We are over for 3 days this week to have a look around the Costa Blanca areas. Can anyone recommend a good accountant? We shall need one when we move.

Also, we have 2 young sons (10 & 8) are there any areas we should 'avoid'?  and any particular areas anyone can recommend, i.e schools etc.

Any advice would be very much appreciated.


----------



## jojo (Sep 20, 2007)

elainecyprus said:


> Hi all
> 
> I hope this is a valid question and doesn't cause too much upset between you all. We are looking to move to Spain in September.
> 
> ...



We're actually quite nice and dont usually get too upset when someone asks questions  and you have asked politely LOL

However, I'm not in the Costa Blanca area, so cant help you, altho I suspect that it may help to know what sort of accountant as sometimes "Gestorias" can double up and do accountancy if its not too indepth. 

Anyway I think most of the others from the forum are either tucked up in bed or out on the town, but you should get some answers by the morning 

Jo xxx


----------



## elainecyprus (Nov 11, 2007)

Oh yes, the time difference! whoops, LOL. Thanks for the reply Jo. We are not really too sure where we want to be, Spain is huge and although we will initially rent I don't want to keep moving my sons around schools. Oh god, this is all becoming very real and very daunting!


----------



## jojo (Sep 20, 2007)

elainecyprus said:


> Oh yes, the time difference! whoops, LOL. Thanks for the reply Jo. We are not really too sure where we want to be, Spain is huge and although we will initially rent I don't want to keep moving my sons around schools. Oh god, this is all becoming very real and very daunting!

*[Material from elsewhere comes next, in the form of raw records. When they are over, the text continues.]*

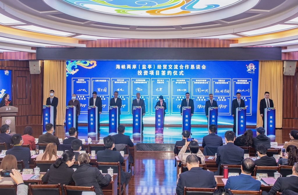 3月22日下午,第五届海峡两岸嫘祖文化交流活动暨海峡两岸(盐亭)经贸交流合作恳谈会在四川省盐亭县举行。当天,盐亭县人民政府与广东湛江电力有限公司、中石油西南油气田分公司、北京神州卓越石油有限公司等企业签订了9个项目投资协议,项目总投资49.6亿元,涉及生物医药、节能环保、文化教育、新材料等产业。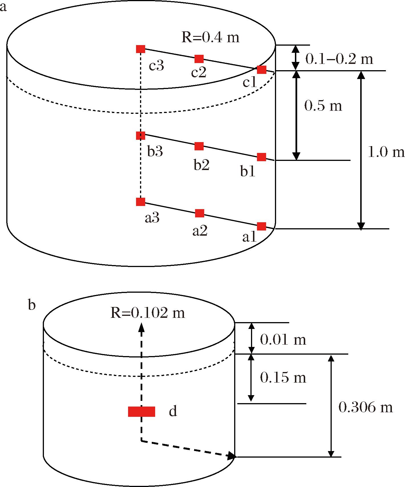 高粱和稻壳拌匀后上甑蒸粮,蒸粮2~3 h。蒸好后摊晾至30 ℃以下,拌曲发酵,发酵罐置于恒温恒湿培养箱(25 ℃,相对湿度70%)中发酵28 d。从发酵第0天开始,分别采集发酵0、3、7、10、15、21、23、28 d的酒醅,取样点如图1所示。a1、a2、a3点指示地缸发酵底部取样点,深度为1.0 m;b1、b2、b3点指示地缸发酵内部取样点,深度为0.6~0.7 m;c1、c2、c3点指示地缸发酵上层取样点,深度为0.1~0.2 m;d点指示实验室规模发酵中层取样点,深度为0.16 m。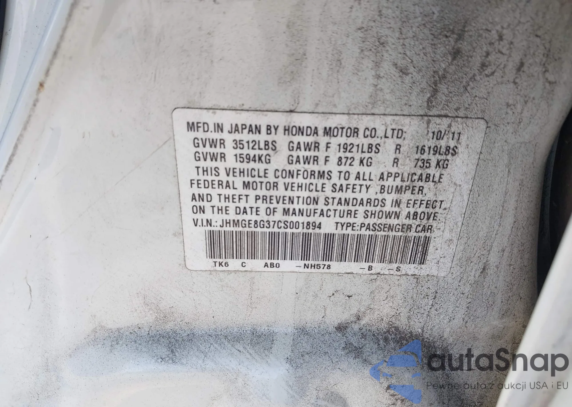 VIN: JHMGE8G37CS001894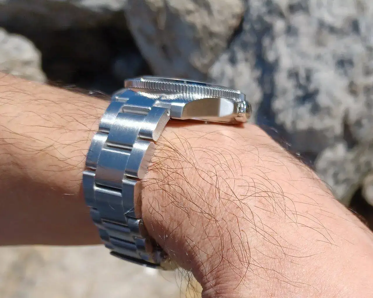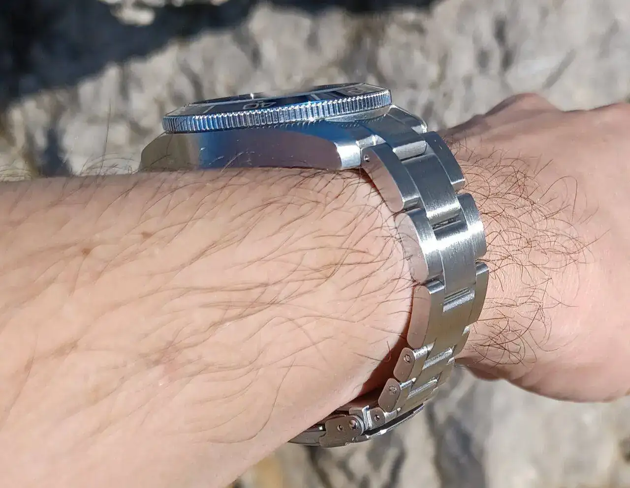 No pesa demasiado pero se nota al ponerlo, y es una sensación agradable. Asienta bien, lo llevo muy cómodo, la caja no se mueve, es como si se pegara a la muñeca por su peso y el perfecto ajuste del brazalete que se consigue, en mi caso con tres eslabones menos y un microajuste hacia dentro.

Its not easy is it. You kinda have to work out your needs first of all (Work??, good hospitals, schools, airports, cost of living etc), then your wants (near the sea, near civilisation, brits, countryside...) and then find an area that satisfies them all. We used google earth/maps to get a rough idea and then came over and looked a few times

Maybe have a look thru the rest of the Spanish forum and see if theres anything that springs out at you and gives you some ideas???

Jo xxx


----------



## Pesky Wesky (May 10, 2009)

jojo said:


> Its not easy is it. You kinda have to work out your needs first of all (Work??, good hospitals, schools, airports, cost of living etc), then your wants (near the sea, near civilisation, brits, countryside...) and then find an area that satisfies them all. We used google earth/maps to get a rough idea and then came over and looked a few times
> 
> Maybe have a look thru the rest of the Spanish forum and see if theres anything that springs out at you and gives you some ideas???
> 
> Jo xxx


If you need to work it'll probably come down to where you can find a job as beggars can't be choosers at the moment.
Apart from thatt, he north is so different from the south, and Madrid from Catalonia that you'll have to rule out some things first (and then tell us) like does it have to be a beachy place, are you prepared to go inland, near an airport, do you mind chilly winters and snow etc etc

PS And this quote


> I hope this is a valid question and doesn't cause too much upset between you all. We are looking to move to Spain in September.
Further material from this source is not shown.